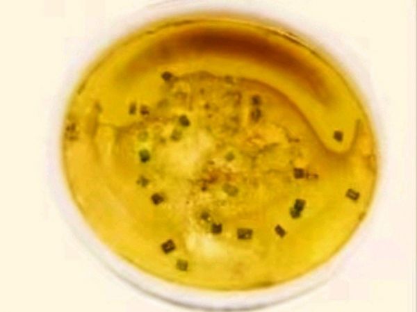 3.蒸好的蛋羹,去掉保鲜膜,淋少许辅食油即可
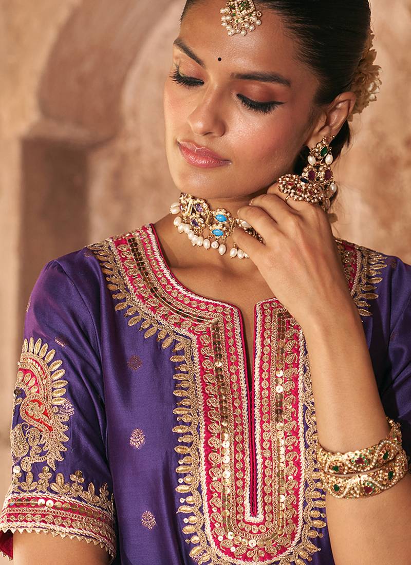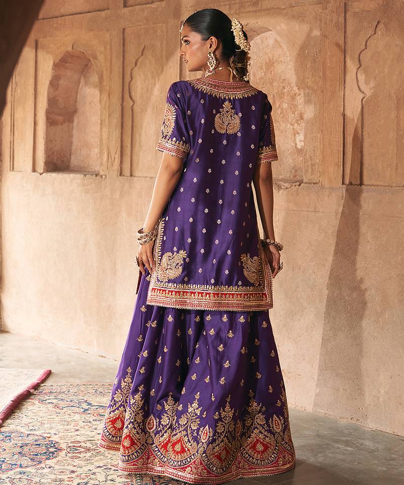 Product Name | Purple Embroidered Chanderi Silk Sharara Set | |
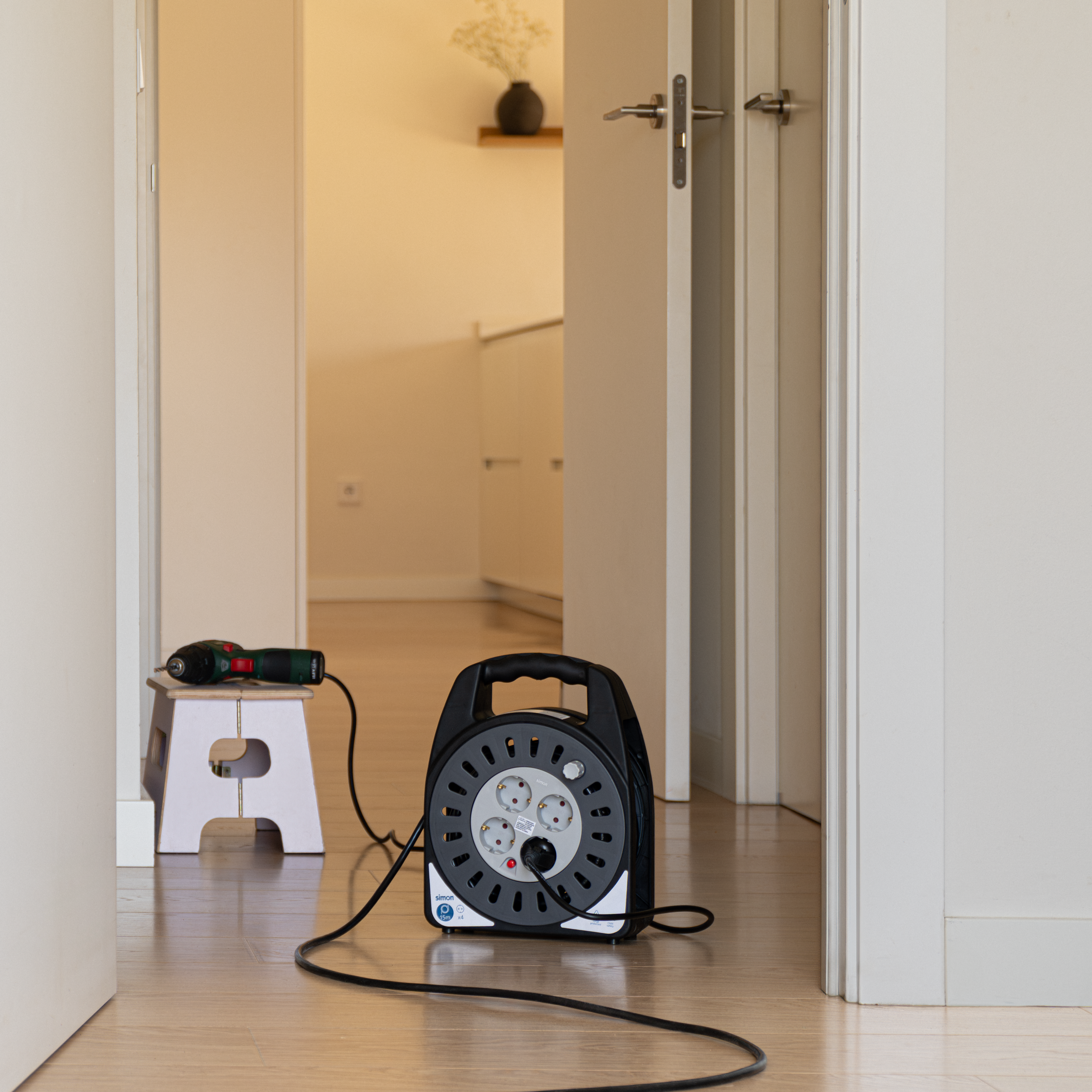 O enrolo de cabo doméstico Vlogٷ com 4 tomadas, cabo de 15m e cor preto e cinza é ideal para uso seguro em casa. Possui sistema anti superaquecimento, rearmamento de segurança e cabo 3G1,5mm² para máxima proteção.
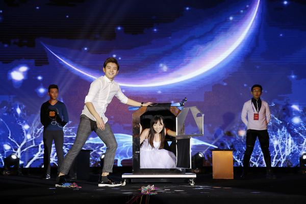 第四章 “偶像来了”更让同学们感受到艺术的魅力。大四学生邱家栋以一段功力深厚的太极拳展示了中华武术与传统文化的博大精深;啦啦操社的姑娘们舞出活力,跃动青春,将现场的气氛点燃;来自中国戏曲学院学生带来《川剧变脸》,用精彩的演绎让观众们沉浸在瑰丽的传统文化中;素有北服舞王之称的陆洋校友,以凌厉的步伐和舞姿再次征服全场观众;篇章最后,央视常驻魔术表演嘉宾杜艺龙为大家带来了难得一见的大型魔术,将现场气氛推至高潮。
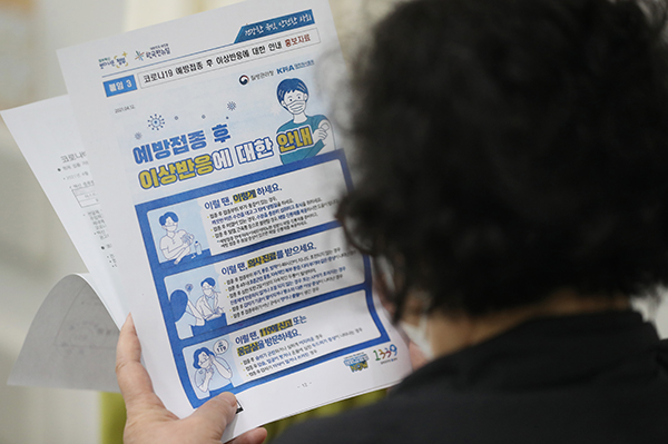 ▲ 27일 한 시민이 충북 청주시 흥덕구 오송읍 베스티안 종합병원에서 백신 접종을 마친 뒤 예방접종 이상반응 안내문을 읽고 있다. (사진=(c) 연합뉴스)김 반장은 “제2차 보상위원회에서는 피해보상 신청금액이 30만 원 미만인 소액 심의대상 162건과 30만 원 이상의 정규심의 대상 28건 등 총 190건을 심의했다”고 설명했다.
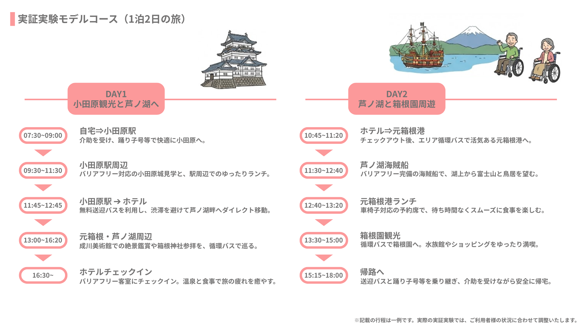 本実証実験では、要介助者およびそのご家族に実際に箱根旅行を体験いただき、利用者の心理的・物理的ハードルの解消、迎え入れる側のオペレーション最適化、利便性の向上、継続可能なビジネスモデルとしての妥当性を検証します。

---

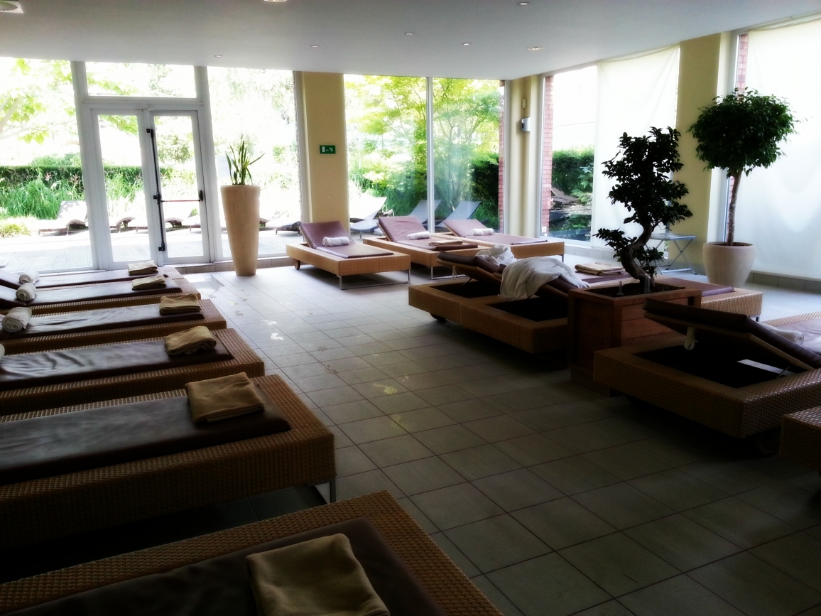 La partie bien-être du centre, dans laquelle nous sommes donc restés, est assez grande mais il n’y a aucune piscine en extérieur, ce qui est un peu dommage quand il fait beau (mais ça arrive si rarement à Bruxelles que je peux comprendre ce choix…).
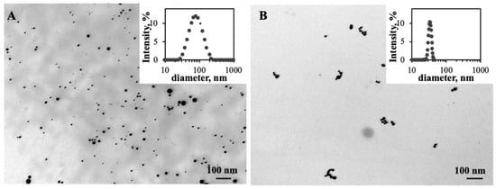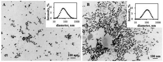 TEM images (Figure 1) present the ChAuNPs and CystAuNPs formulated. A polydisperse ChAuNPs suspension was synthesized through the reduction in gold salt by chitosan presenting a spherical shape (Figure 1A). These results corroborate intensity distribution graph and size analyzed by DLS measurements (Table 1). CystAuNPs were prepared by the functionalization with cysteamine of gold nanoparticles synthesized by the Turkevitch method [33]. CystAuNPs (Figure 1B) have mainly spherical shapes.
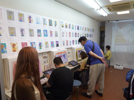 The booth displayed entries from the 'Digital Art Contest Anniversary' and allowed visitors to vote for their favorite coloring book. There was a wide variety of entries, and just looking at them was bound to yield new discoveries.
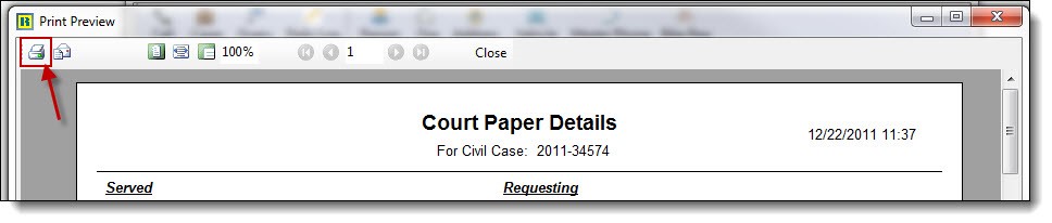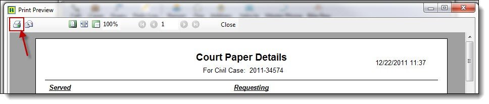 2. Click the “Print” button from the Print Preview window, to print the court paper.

---

THE TASK:
The reply should hold the entries above from the line with "청주시 흥덕구 오송읍" to the line with "本実証実験では、要介助者およ", duplicated exactly, pictures excluded.

ANSWER TO THIS EXERCISE:
 ▲ 27일 한 시민이 충북 청주시 흥덕구 오송읍 베스티안 종합병원에서 백신 접종을 마친 뒤 예방접종 이상반응 안내문을 읽고 있다. (사진=(c) 연합뉴스)김 반장은 “제2차 보상위원회에서는 피해보상 신청금액이 30만 원 미만인 소액 심의대상 162건과 30만 원 이상의 정규심의 대상 28건 등 총 190건을 심의했다”고 설명했다.
 本実証実験では、要介助者およびそのご家族に実際に箱根旅行を体験いただき、利用者の心理的・物理的ハードルの解消、迎え入れる側のオペレーション最適化、利便性の向上、継続可能なビジネスモデルとしての妥当性を検証します。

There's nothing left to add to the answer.